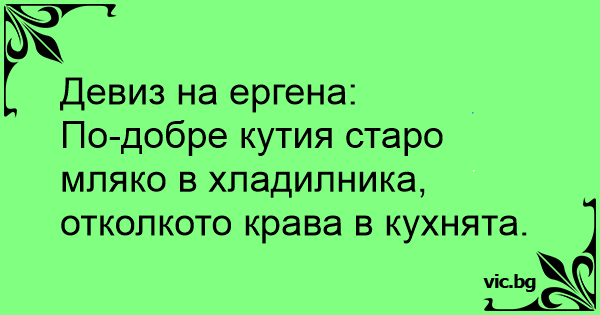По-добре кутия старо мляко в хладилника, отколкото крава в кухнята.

▬▬▬

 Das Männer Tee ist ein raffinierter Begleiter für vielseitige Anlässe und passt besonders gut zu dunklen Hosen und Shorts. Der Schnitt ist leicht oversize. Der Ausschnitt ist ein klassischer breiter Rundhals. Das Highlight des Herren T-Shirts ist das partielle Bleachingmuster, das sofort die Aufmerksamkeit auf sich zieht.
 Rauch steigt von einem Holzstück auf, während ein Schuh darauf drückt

▬▬▬

- **BRIEF**: Look back at the data above. Transcribe exactly the lines starting at the line that contains "Das Männer Tee" and ending at the line that contains "Rauch steigt von".

- **RESULT**:
 Das Männer Tee ist ein raffinierter Begleiter für vielseitige Anlässe und passt besonders gut zu dunklen Hosen und Shorts. Der Schnitt ist leicht oversize. Der Ausschnitt ist ein klassischer breiter Rundhals. Das Highlight des Herren T-Shirts ist das partielle Bleachingmuster, das sofort die Aufmerksamkeit auf sich zieht.
 Rauch steigt von einem Holzstück auf, während ein Schuh darauf drückt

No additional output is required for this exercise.